Depuis le début, le dossier Politkovskaïa a été un enjeu politique. On se souvient du procureur général Iouri Chaïka annonçant triomphalement que des «ennemis de la Russie, établis à l'étranger» - autrement dit l'oligarque Boris Berezovski exilé à Londres - auraient fait liquider la journaliste pour nuire aux intérêts de la Russie. Une thèse qualifiée d'absurde par la Novaïa Gazeta, le journal d'opposition où travaillait Anna Politkovskaïa. Dans ses colonnes, Petros Garibian, l'enquêteur en charge, avait fait état, l'année dernière, du «contrôle des autorités sur l'instruction» (et promet, cette année, que la recherche des commanditaires se poursuivra). Ensuite, des fuites ciblées émanant des organes de sécurité ont permis à l'assassin de se volatiliser, un scandale dénoncé par Novaïa Gazeta, qui a relevé toute une série d'interférences des services spéciaux (FSB, ex-KGB) visant à torpiller l'enquête, avant qu'elle ne conduise à des personnalités liées au pouvoir. Dmitri Mouratov, le directeur de la Novaïa Gazeta, exige que ces agents indiscrets soient identifiés.
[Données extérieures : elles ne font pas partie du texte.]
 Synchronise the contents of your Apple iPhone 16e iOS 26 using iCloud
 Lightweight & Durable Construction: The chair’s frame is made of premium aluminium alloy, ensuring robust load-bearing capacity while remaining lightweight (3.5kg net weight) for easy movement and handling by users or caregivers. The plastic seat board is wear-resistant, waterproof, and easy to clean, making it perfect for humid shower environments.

Lors du premier anniversaire de la mort d'Anna, il avait accusé les services spéciaux russes d'être à l'origine de dizaines de crimes sanglants perpétrés ces dernières années dans le pays. L'enquête parallèle menée par les collègues d'Anna Politkovskaïa démontre par ailleurs l'incroyable collusion entre collaborateurs du FSB ou du MVD (Ministère de l'intérieur) et la pègre, notamment tchétchène... Lundi dernier, le journal a publié une liste de questions restées sans réponse: qui a ordonné la surveillance de la journaliste et qui l'a suivie en dehors des frères Makhmoudov? Qui a fourni le faux passport au tueur évadé à l'étranger? Où sont passés les résultats des écoutes téléphoniques de certains accusés?
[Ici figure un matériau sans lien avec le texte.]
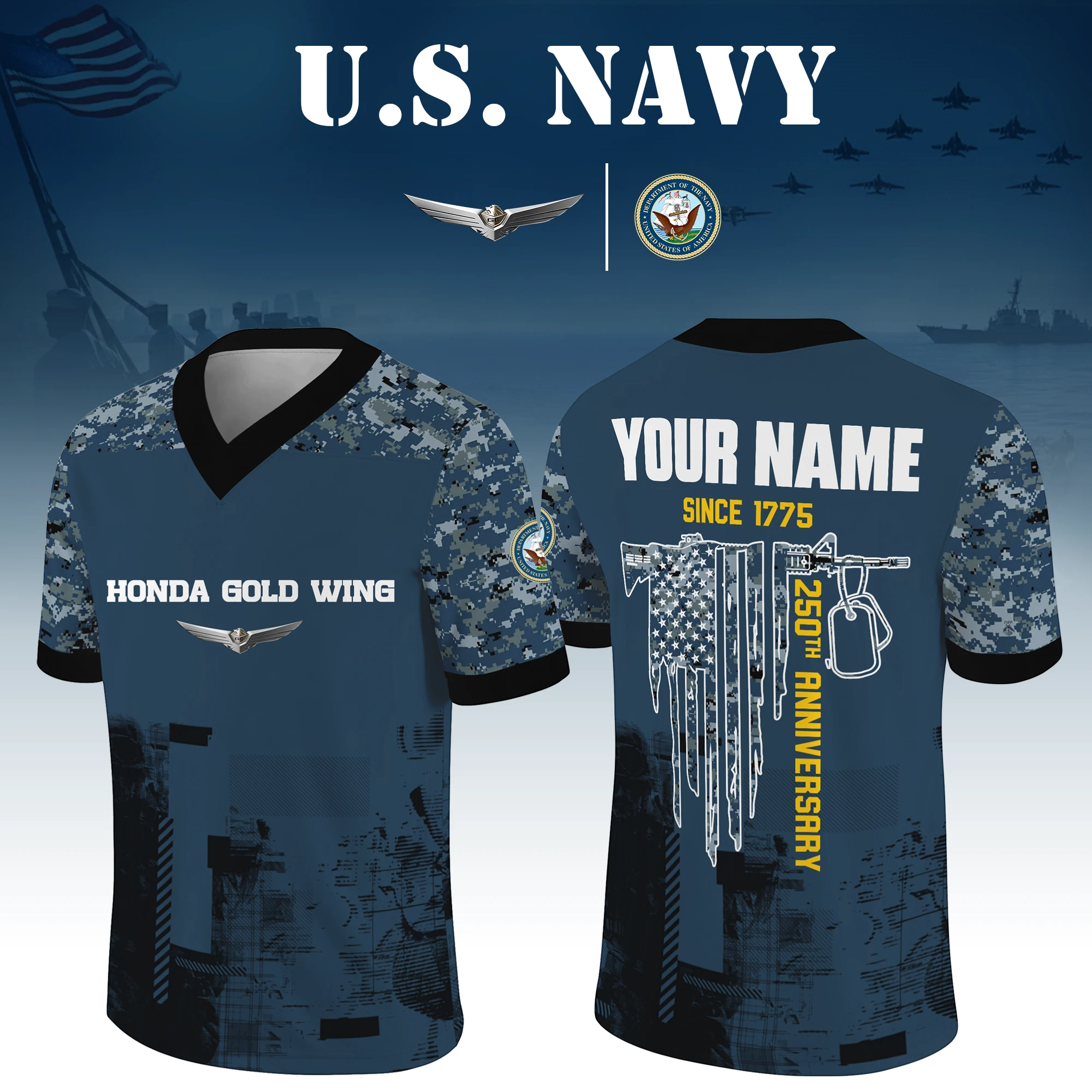 Honda Gold Wing x US Navy 250th Anniversary V-Neck Short Sleeve Jersey 3D Limited 2026 Custom Your Name

Les pistes pointent dans deux directions qui s'excluent l'une l'autre: soit les services secrets russes, soit la direction tchétchène pro-russe avec, à sa tête, Ramzan Kadyrov. Tous détestaient Politkovskaïa et ses articles, alors qu'ils se disputaient âprement le contrôle de la république tchétchène. Et tous deux avaient intérêt à faire attribuer le meurtre à l'autre partie.
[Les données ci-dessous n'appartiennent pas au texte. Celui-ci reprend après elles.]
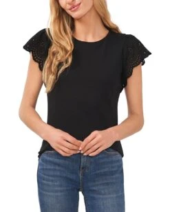 Be the first to review “CeCe Crew Neck Tee With Embroidered Lace Sleeves | Shirts & Tops” Cancel reply
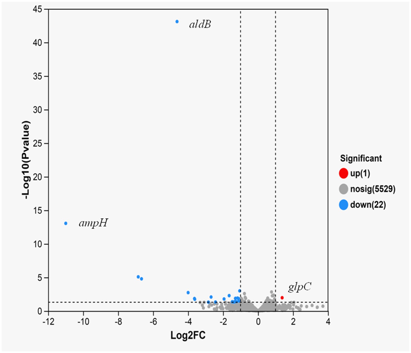 Figure 1. Volcano plot of expression difference for aldB knockout strain VS wild-type strain. The abscissa represents the fold change value of gene expression difference between the two groups of samples, i.e., the FC value. The ordinate represents the statistical test value of the difference in gene expression changes, i.e., the p-value. A higher p-value indicates a more significant expression difference, and both the abscissa and ordinate values have undergone logarithmic processing. Each point in the figure represents a specific gene: red points indicate significantly up-regulated genes, green points indicate significantly down-regulated genes, and gray points indicate genes with non-significant differences. After mapping all genes, it can be seen that the points on the left represent genes with down-regulated expression differences, and the points on the right represent genes with up-regulated expression differences. The points closer to the two sides and the top have more significant expression differences.

Selon la journaliste Julia Latynia, la version FSB serait plus vraisemblable, puisque les prévenus sont tous de mèche avec les services secrets russes. Tandis que son collègue Viatcheslav Izmaïlov a dressé le cocasse inventaire des «règlements extrajudiciaires» survenus ces dernières années en Russie et dans le monde, portant tous la signature du FSB.